**MATERIAL PROVIDED**

★ ★ ★ ★

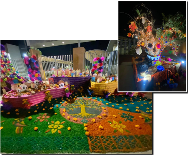 El motivo central es un altar de muertos que incluye un enorme tapete multicolor hecho a base de aserrín, y un lado una cabeza monumental de catrina.
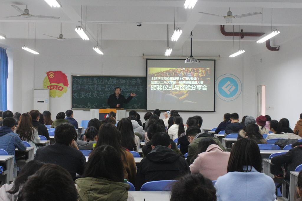 2017年12月12日,由财政9728太阳集团承办的全球学生商业挑战赛CTBU专场暨太阳集团官网tyc9728第一届供应链金融大赛表彰大会在田家炳406顺利举行,至此,大赛圆满落幕。财政9728太阳集团院长刁孝华教授、学院分党委副书记黄谦老师以及金融系刘蓉老师、徐玫老师、杨佳妮老师作为嘉宾出席本次大会。
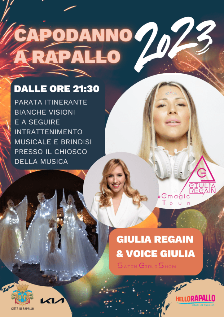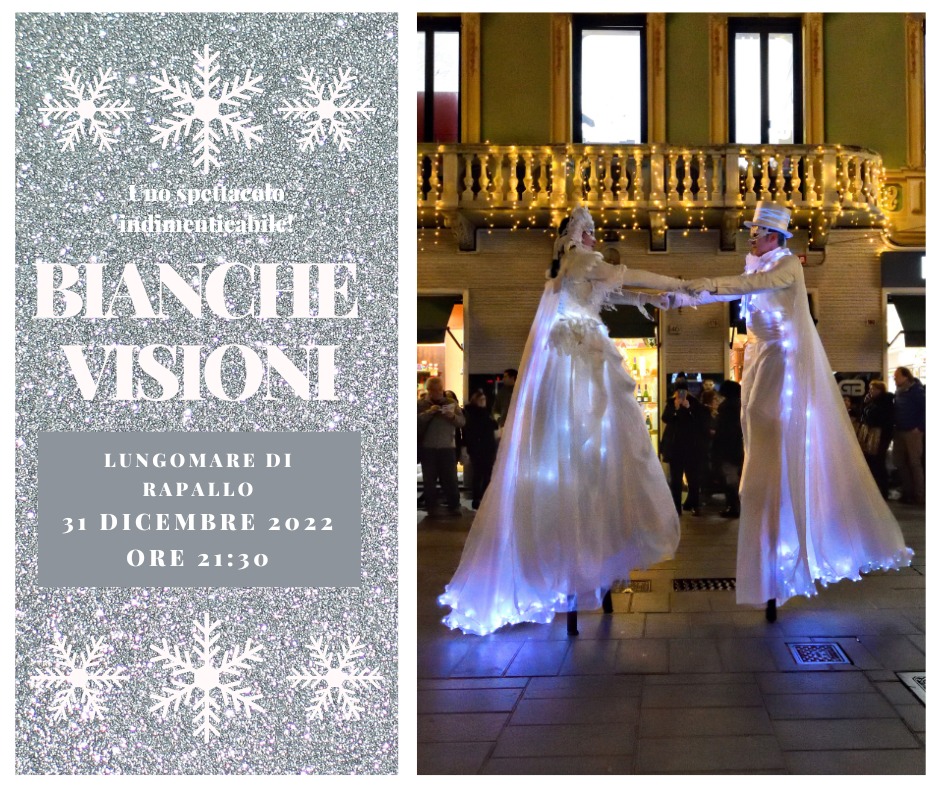 Alle ore 21:30 avrà inizio lo spettacolo itinerante Bianche Visioni, una parata sui trampoli delle regine dell’inverno che percorreranno le vie del centro storico e il lungomare a passo di musica. L’intrattenimento proseguirà presso il Chiosco della musica fino allo scoccare della mezzanotte per un brindisi al nuovo anno.
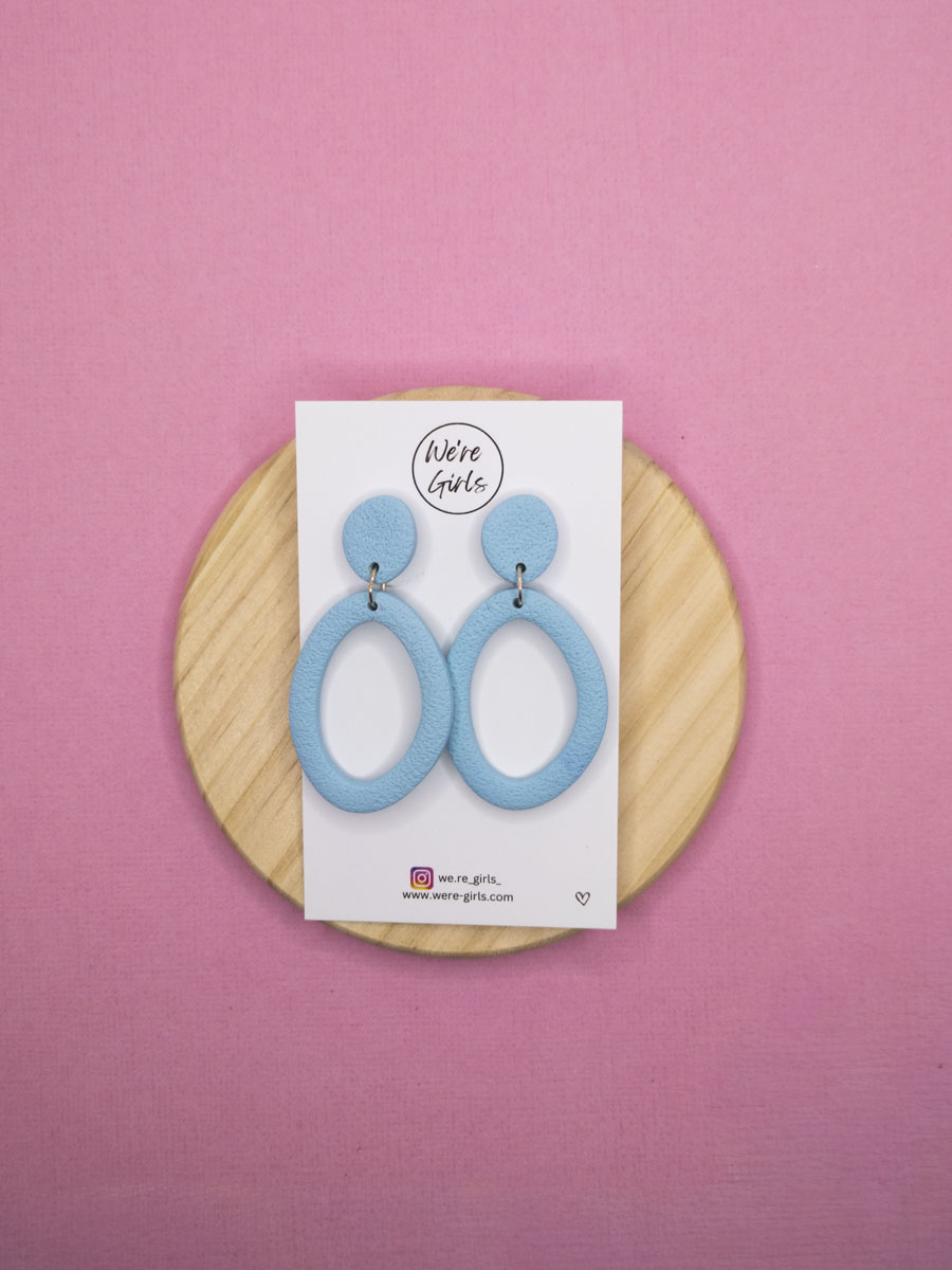 These dangle earrings, painted in the softest sky blue, drape playfully around your ears with an elegant oval shape that dances lightly with every turn, and their subtly textured surface adds a touch of warmth and whimsy that is sure to spark joy in your everyday adventures.

★ ★ ★ ★

Nothing but the lines from the one containing "2017年12月12日,由财" through the last line of the data should appear in the answer, copied exactly, with pictures excluded.

**REPLY**
 2017年12月12日,由财政9728太阳集团承办的全球学生商业挑战赛CTBU专场暨太阳集团官网tyc9728第一届供应链金融大赛表彰大会在田家炳406顺利举行,至此,大赛圆满落幕。财政9728太阳集团院长刁孝华教授、学院分党委副书记黄谦老师以及金融系刘蓉老师、徐玫老师、杨佳妮老师作为嘉宾出席本次大会。
 Alle ore 21:30 avrà inizio lo spettacolo itinerante Bianche Visioni, una parata sui trampoli delle regine dell’inverno che percorreranno le vie del centro storico e il lungomare a passo di musica. L’intrattenimento proseguirà presso il Chiosco della musica fino allo scoccare della mezzanotte per un brindisi al nuovo anno.
 These dangle earrings, painted in the softest sky blue, drape playfully around your ears with an elegant oval shape that dances lightly with every turn, and their subtly textured surface adds a touch of warmth and whimsy that is sure to spark joy in your everyday adventures.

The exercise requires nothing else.